── RECORDS FOR PROCESSING ──

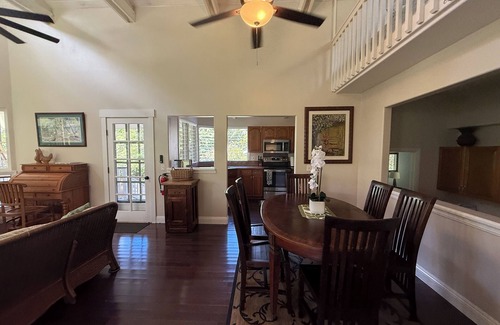 This plantation-style home, is a dream, with high vaulted ceilings and views from every window. Hot water comes from energy-efficient Solar generated water heaters. The estate owners make this unique home available when owners are not on the island. Beautiful copper gate protecting property privacy, Enjoy your delicious fresh fruit (all you can eat that is in season) from 100s of tropical trees as you bask on spacious covered decks, listening to the waves and enjoy ocean breezes. You might try Starfruit, three varieties of Avocados, Oranges, three varieties of Papayas, four varieties of Bananas, Mangos, two varieties of Lemons, Limes, Tangelos, Tangerines, Ademoyas, Figs, Cheremoyas, Cream Apples, Passion fruit, Strawberry Guava, Surinam Cherries, Pomelos, Lychees, Coconuts, pomegranates, two varieties of pineapples and two varieties of Grapefruit. Some fruits take up to 2 years to propagate such as pineapples. You will find 100s of rare, exotic flowers including orchids, heliconias, anthuriums, plumeria, red, pink, blue, white, yellow ginger, wood roses, and gardenias, to adorn your tables, make flower leis, or just enjoy in your yard. You may eat and use all of the fruit and flowers you like for your personal use. (Woodrose makes no guarantee of any fruits or flowers being available at any given time due to seasons and other uncontrollable causes). Woodrose Plantation is a licensed rental property. TVR/NCU #4180 (for emergencies call 808-320-0363)
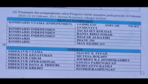 Para direksi yang dimaksud, yakni Mutesa Holdin sebagai Direktur Kepatuhan, Joubert R.J. Dondokambey sebagai Direktur Umum.
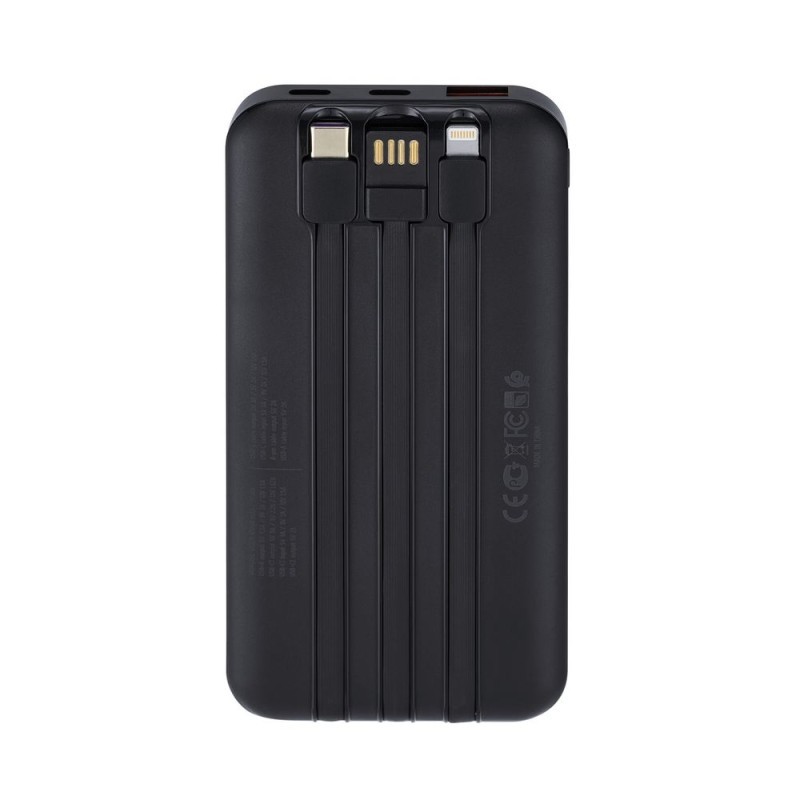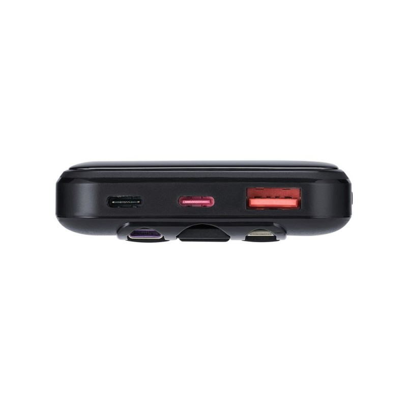 Power Bank RivaCase 10000 mAh – Type de câble intégré: USB-C , Lightning , USB-A – Capacité de la batterie: 10000 mAh – Capacité de la batterie: 37 Wh – Longueur de cable: 0.15 m – Entrée USB-C: QC 3.0 , USB-C PD 3.0 – Entrée USB-A: 5V-2A – Sortie USB-A: 5V-2A – Recharge simultanée de deux appareils, W: 22.5 DANS – Sortie Lightning: 5V-2A – Sortie USB-C: 5 V-3 A , 9 V-2 A , 12 V-1.5 A – Dimensions: 68 x 18 x 142 mm – Poids: 280 g
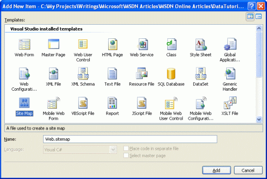 For this tutorial, however, let's use the default site map provider that ships with ASP.NET 2.0. To create the site map, simply right-click on the project name in the Solution Explorer, choose Add New Item, and choose the Site Map option. Leave the name as Web.sitemap and click the Add button.
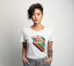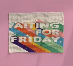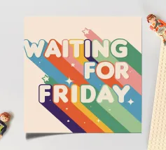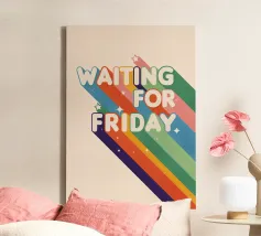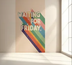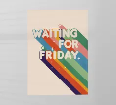 Preparatevi al weekend con questa stampa d'arte "Waiting For Friday"! Caratterizzato da una tipografia di ispirazione rétro con strisce colorate e accenti scintillanti, questo disegno cattura la divertente attesa del venerdì. Perfetto per aggiungere un tocco di stile vintage e di allegria alla vostra casa o al vostro ufficio. Un'opera ideale per tutti coloro che fanno il conto alla rovescia per il giorno più bello della settimana! Creato da showmemars
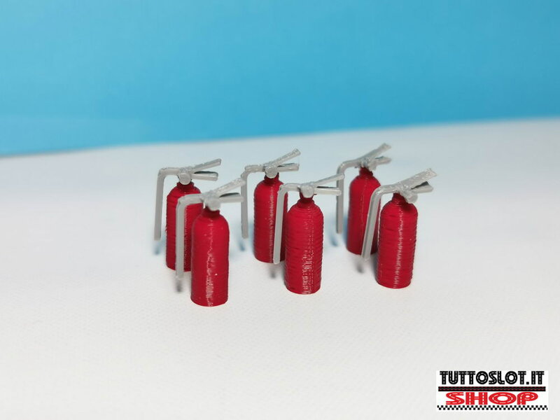 Estintori per diorama in scala 1:32. La confezione è composta da 6 estintori delle dimensioni di: 18 mm di altezza. Ottimo per arricchire il tuo diorama. Progettato e realizzato in stampa 3D nei nostri laboratori.

───

- EXERCISE
Only the text of the listing above is copied, exactly as written; its pictures are dropped.

- SOLUTION TO THE PROBLEM
 This plantation-style home, is a dream, with high vaulted ceilings and views from every window. Hot water comes from energy-efficient Solar generated water heaters. The estate owners make this unique home available when owners are not on the island. Beautiful copper gate protecting property privacy, Enjoy your delicious fresh fruit (all you can eat that is in season) from 100s of tropical trees as you bask on spacious covered decks, listening to the waves and enjoy ocean breezes. You might try Starfruit, three varieties of Avocados, Oranges, three varieties of Papayas, four varieties of Bananas, Mangos, two varieties of Lemons, Limes, Tangelos, Tangerines, Ademoyas, Figs, Cheremoyas, Cream Apples, Passion fruit, Strawberry Guava, Surinam Cherries, Pomelos, Lychees, Coconuts, pomegranates, two varieties of pineapples and two varieties of Grapefruit. Some fruits take up to 2 years to propagate such as pineapples. You will find 100s of rare, exotic flowers including orchids, heliconias, anthuriums, plumeria, red, pink, blue, white, yellow ginger, wood roses, and gardenias, to adorn your tables, make flower leis, or just enjoy in your yard. You may eat and use all of the fruit and flowers you like for your personal use. (Woodrose makes no guarantee of any fruits or flowers being available at any given time due to seasons and other uncontrollable causes). Woodrose Plantation is a licensed rental property. TVR/NCU #4180 (for emergencies call 808-320-0363)
 Para direksi yang dimaksud, yakni Mutesa Holdin sebagai Direktur Kepatuhan, Joubert R.J. Dondokambey sebagai Direktur Umum.
 Power Bank RivaCase 10000 mAh – Type de câble intégré: USB-C , Lightning , USB-A – Capacité de la batterie: 10000 mAh – Capacité de la batterie: 37 Wh – Longueur de cable: 0.15 m – Entrée USB-C: QC 3.0 , USB-C PD 3.0 – Entrée USB-A: 5V-2A – Sortie USB-A: 5V-2A – Recharge simultanée de deux appareils, W: 22.5 DANS – Sortie Lightning: 5V-2A – Sortie USB-C: 5 V-3 A , 9 V-2 A , 12 V-1.5 A – Dimensions: 68 x 18 x 142 mm – Poids: 280 g
 For this tutorial, however, let's use the default site map provider that ships with ASP.NET 2.0. To create the site map, simply right-click on the project name in the Solution Explorer, choose Add New Item, and choose the Site Map option. Leave the name as Web.sitemap and click the Add button.
 Preparatevi al weekend con questa stampa d'arte "Waiting For Friday"! Caratterizzato da una tipografia di ispirazione rétro con strisce colorate e accenti scintillanti, questo disegno cattura la divertente attesa del venerdì. Perfetto per aggiungere un tocco di stile vintage e di allegria alla vostra casa o al vostro ufficio. Un'opera ideale per tutti coloro che fanno il conto alla rovescia per il giorno più bello della settimana! Creato da showmemars
 Estintori per diorama in scala 1:32. La confezione è composta da 6 estintori delle dimensioni di: 18 mm di altezza. Ottimo per arricchire il tuo diorama. Progettato e realizzato in stampa 3D nei nostri laboratori.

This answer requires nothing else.